Indirect immunity: The development of plant defense is a result of indirect interactions linked to microbiota. The process of inducing resistance is known as induced systemic resistance (ISR) or, more precisely, endophyte-induced resistance (E-IR) [32]. The interaction between plants and endophytes can depend on the pathosystem and it can develop different strategies such as resistance, and defense. Basically, two types of induced systems are reported in plant systems. First is induced systemic resistance (ISR) and second is systemic acquired resistance (SAR), and both systems depend on the type of elicitor and hormone production [33]. The induced systemic resistance (ISR) is initiated by rhizobacteria or non-pathogenic microorganisms, while SAR is induced by pathogens or chemical compounds. Moreover, the ISR pathway’s signal is regulated by the Jasmonic acid/Ethylene (JA/ET) pathway and involves the expression of the DEFENSIN 1.2 (PDF1.2). On the other hand, the SAR is initiated by a Salicylic Acid (SA) dependent pathway and involves the expression of pathogenesis-related (PR) proteins [34,35].
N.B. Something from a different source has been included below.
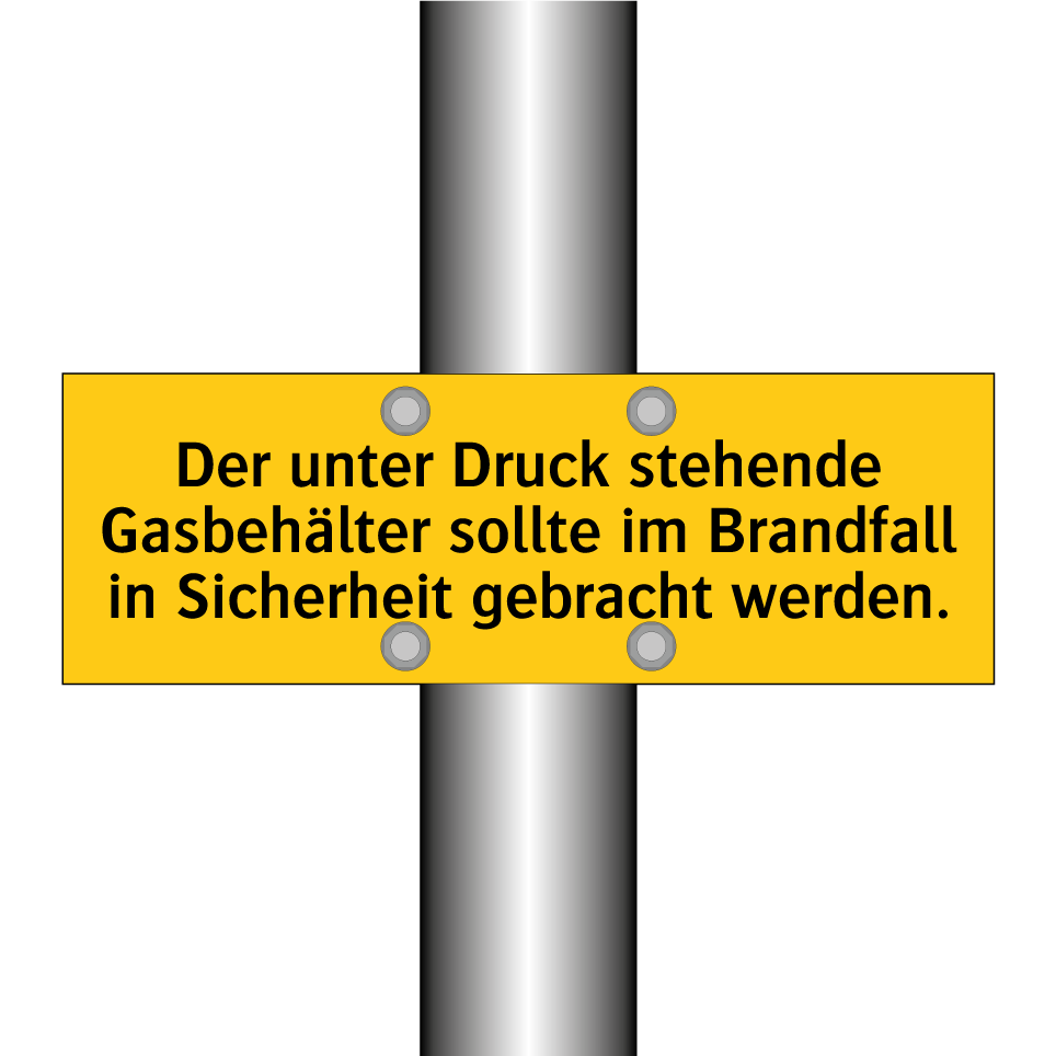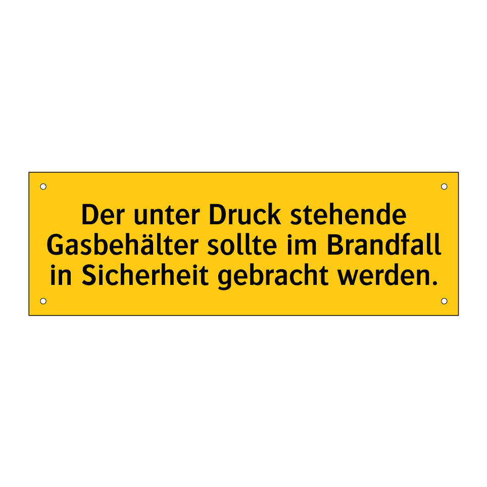 Warnschild mit dem Text Der unter Druck stehende Gasbehälter sollte im Brandfall in Sicherheit gebracht werden.

Some studies suggest that endophyte-triggered ISR may be dependent on SA or not dependent on the JA/ET pathway. Niu, et al. 2011 [36] describe that B. cereus strain AR156 mediated ISR dependent on both SA- and JA/ET-signaling pathways. Additionally, P. fluorescens CHA0 triggered the accumulation of PR proteins in the tobacco leaves, which was induced by SA [37]. Moreover, a root endophytic bacterium Micromonospora against B. cinerea mediate ISR is dependent only on the JA/ET pathway [38]. The host plant's contact with the bacterial cell or its metabolites is responsible for endophytes' capacity to strengthen plant defense [56-60].
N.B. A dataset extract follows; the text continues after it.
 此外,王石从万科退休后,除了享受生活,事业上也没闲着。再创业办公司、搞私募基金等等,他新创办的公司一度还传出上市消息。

These days, it's common to think of plant immunology as a comprehensive system that involves the activity and interaction of microorganisms, in which microbes inside the plants might work together to prepare the product when exposed to biotic stress. We have updated the ways that endophytes support plant health in the current study. Additionally, highlights the role of endophytes in plant immunity boost especially, their role in priming defense. Since research on this topic is expanding, the processes involved in the cooperative action of plant endophytes against biotic stressors are still being investigated, owing to the difficulties of working with one specific endophyte strain separately from others that share the same niche. This minireview may serve as a guide for future biocontrol strategy development, considering the intricate interactions between plants, endophytes, and potential microbe vectors (like insects). Furthermore, endophytes can create metabolites that aid in biocontrol methods or more sustainable agricultural practices. How to combine priming defense with plant-growth stimulation is another unanswered subject. Future research may be centred on a potential connection between these two events.